Start of Block

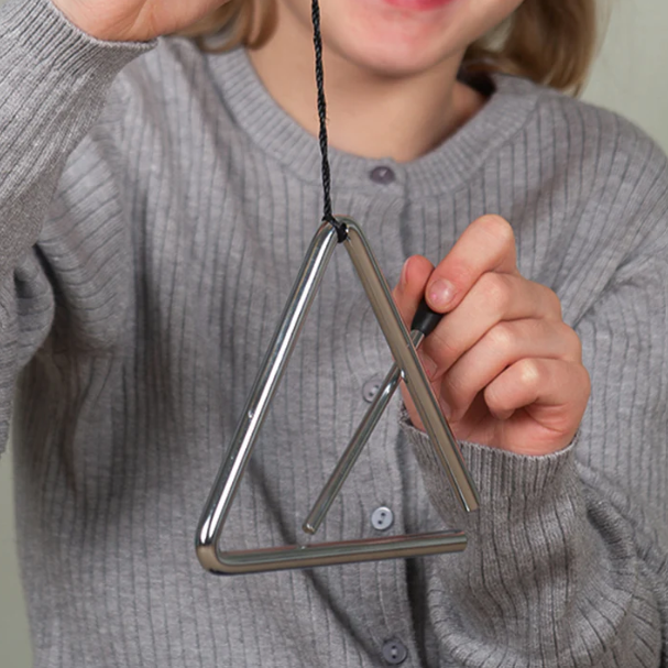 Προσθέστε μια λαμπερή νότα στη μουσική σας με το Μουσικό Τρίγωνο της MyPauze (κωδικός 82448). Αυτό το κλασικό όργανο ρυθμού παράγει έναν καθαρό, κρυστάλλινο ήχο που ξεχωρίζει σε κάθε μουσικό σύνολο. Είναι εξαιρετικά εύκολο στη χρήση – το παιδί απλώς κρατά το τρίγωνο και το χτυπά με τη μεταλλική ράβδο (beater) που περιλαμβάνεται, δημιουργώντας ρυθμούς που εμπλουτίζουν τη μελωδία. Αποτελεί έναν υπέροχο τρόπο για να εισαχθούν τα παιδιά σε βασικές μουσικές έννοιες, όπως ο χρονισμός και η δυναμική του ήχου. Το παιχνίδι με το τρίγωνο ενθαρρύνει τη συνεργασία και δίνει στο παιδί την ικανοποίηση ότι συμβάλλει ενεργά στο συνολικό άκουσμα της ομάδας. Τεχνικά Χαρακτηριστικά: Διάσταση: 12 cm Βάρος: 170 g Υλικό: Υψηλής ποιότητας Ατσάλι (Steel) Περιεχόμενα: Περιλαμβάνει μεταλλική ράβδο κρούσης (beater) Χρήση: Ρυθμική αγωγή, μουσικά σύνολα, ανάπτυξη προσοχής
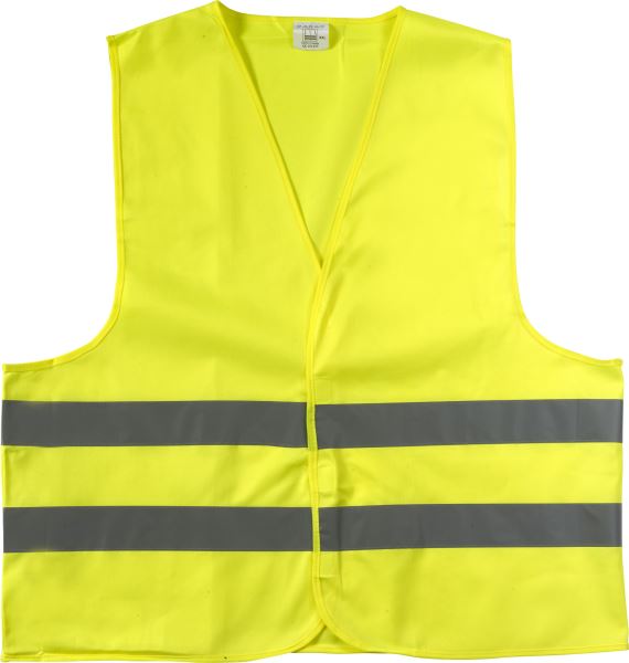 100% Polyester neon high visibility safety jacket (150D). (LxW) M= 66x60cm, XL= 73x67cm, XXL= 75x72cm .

End of Block
Start of Block

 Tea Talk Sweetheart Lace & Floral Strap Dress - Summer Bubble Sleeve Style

End of Block

PROBLEM REQUIREMENTS →
In the records above, find the line containing "Προσθέστε μια λαμπερή" and the line containing "100% Polyester neon", then give both of them again word for word along with every line between. Omit any pictures.

EXERCISE RESULT →
 Προσθέστε μια λαμπερή νότα στη μουσική σας με το Μουσικό Τρίγωνο της MyPauze (κωδικός 82448). Αυτό το κλασικό όργανο ρυθμού παράγει έναν καθαρό, κρυστάλλινο ήχο που ξεχωρίζει σε κάθε μουσικό σύνολο. Είναι εξαιρετικά εύκολο στη χρήση – το παιδί απλώς κρατά το τρίγωνο και το χτυπά με τη μεταλλική ράβδο (beater) που περιλαμβάνεται, δημιουργώντας ρυθμούς που εμπλουτίζουν τη μελωδία. Αποτελεί έναν υπέροχο τρόπο για να εισαχθούν τα παιδιά σε βασικές μουσικές έννοιες, όπως ο χρονισμός και η δυναμική του ήχου. Το παιχνίδι με το τρίγωνο ενθαρρύνει τη συνεργασία και δίνει στο παιδί την ικανοποίηση ότι συμβάλλει ενεργά στο συνολικό άκουσμα της ομάδας. Τεχνικά Χαρακτηριστικά: Διάσταση: 12 cm Βάρος: 170 g Υλικό: Υψηλής ποιότητας Ατσάλι (Steel) Περιεχόμενα: Περιλαμβάνει μεταλλική ράβδο κρούσης (beater) Χρήση: Ρυθμική αγωγή, μουσικά σύνολα, ανάπτυξη προσοχής
 100% Polyester neon high visibility safety jacket (150D). (LxW) M= 66x60cm, XL= 73x67cm, XXL= 75x72cm .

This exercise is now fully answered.